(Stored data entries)
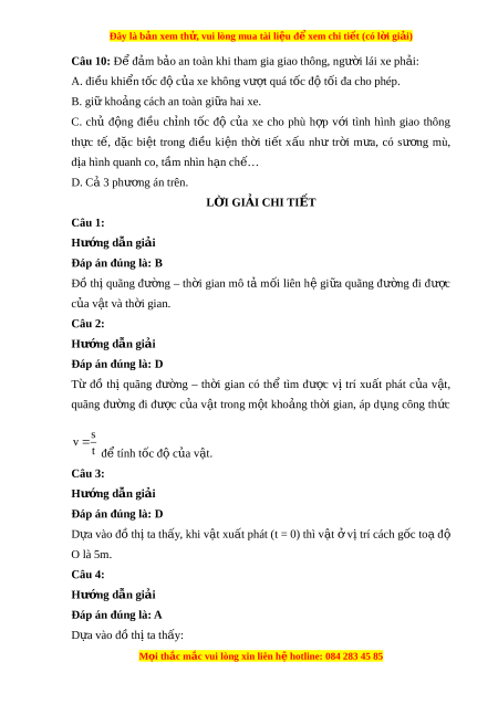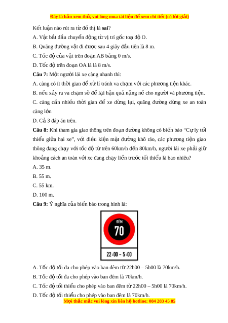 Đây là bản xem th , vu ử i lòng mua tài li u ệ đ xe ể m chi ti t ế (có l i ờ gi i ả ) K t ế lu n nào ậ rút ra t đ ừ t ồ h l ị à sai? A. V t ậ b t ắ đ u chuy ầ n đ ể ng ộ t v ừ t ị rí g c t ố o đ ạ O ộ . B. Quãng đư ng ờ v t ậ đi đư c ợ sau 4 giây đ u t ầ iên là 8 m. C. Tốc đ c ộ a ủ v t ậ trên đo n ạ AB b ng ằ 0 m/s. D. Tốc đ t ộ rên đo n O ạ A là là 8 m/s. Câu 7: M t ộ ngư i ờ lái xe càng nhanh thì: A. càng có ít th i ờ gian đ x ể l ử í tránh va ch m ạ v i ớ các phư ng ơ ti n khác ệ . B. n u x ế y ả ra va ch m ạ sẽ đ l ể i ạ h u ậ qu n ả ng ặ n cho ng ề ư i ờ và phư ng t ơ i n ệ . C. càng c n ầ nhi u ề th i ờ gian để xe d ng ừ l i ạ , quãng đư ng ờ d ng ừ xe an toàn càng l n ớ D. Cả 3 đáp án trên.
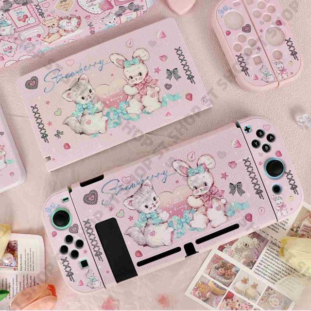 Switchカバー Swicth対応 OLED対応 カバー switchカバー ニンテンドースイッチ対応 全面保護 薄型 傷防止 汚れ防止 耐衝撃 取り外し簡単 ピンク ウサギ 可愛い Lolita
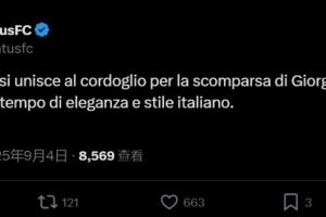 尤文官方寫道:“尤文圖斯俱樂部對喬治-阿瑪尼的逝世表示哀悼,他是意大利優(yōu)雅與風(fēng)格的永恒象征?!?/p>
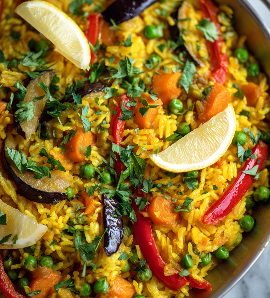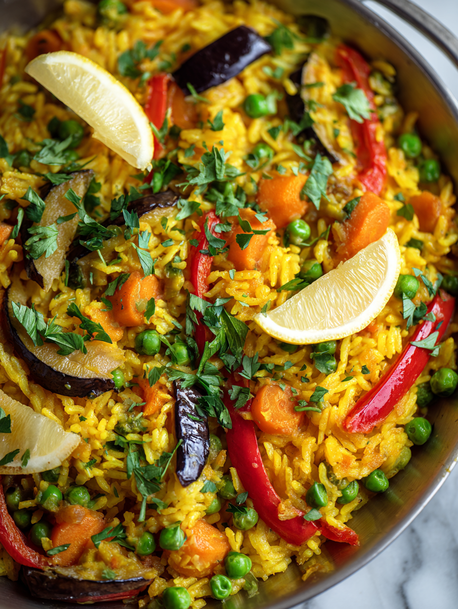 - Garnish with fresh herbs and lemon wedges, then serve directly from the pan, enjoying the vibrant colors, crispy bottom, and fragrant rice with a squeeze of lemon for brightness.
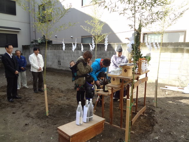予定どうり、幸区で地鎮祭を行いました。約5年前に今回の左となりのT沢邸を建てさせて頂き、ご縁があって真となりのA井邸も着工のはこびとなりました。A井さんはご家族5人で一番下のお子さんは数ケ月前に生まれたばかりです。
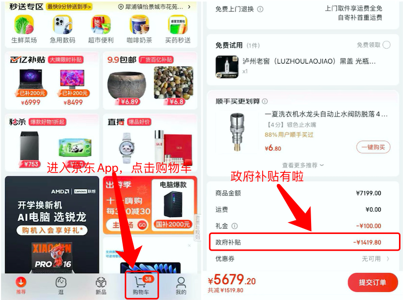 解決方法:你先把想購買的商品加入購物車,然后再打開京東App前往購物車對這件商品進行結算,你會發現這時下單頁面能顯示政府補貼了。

▸ **Task statement**: Word for word, restate the lines above from the first through the one that contains "- Garnish with", and exclude all pictures.

▸ **Output for this exercise**:
 Đây là bản xem th , vu ử i lòng mua tài li u ệ đ xe ể m chi ti t ế (có l i ờ gi i ả ) K t ế lu n nào ậ rút ra t đ ừ t ồ h l ị à sai? A. V t ậ b t ắ đ u chuy ầ n đ ể ng ộ t v ừ t ị rí g c t ố o đ ạ O ộ . B. Quãng đư ng ờ v t ậ đi đư c ợ sau 4 giây đ u t ầ iên là 8 m. C. Tốc đ c ộ a ủ v t ậ trên đo n ạ AB b ng ằ 0 m/s. D. Tốc đ t ộ rên đo n O ạ A là là 8 m/s. Câu 7: M t ộ ngư i ờ lái xe càng nhanh thì: A. càng có ít th i ờ gian đ x ể l ử í tránh va ch m ạ v i ớ các phư ng ơ ti n khác ệ . B. n u x ế y ả ra va ch m ạ sẽ đ l ể i ạ h u ậ qu n ả ng ặ n cho ng ề ư i ờ và phư ng t ơ i n ệ . C. càng c n ầ nhi u ề th i ờ gian để xe d ng ừ l i ạ , quãng đư ng ờ d ng ừ xe an toàn càng l n ớ D. Cả 3 đáp án trên.
 Switchカバー Swicth対応 OLED対応 カバー switchカバー ニンテンドースイッチ対応 全面保護 薄型 傷防止 汚れ防止 耐衝撃 取り外し簡単 ピンク ウサギ 可愛い Lolita
 尤文官方寫道:“尤文圖斯俱樂部對喬治-阿瑪尼的逝世表示哀悼,他是意大利優(yōu)雅與風(fēng)格的永恒象征?!?/p>
 - Garnish with fresh herbs and lemon wedges, then serve directly from the pan, enjoying the vibrant colors, crispy bottom, and fragrant rice with a squeeze of lemon for brightness.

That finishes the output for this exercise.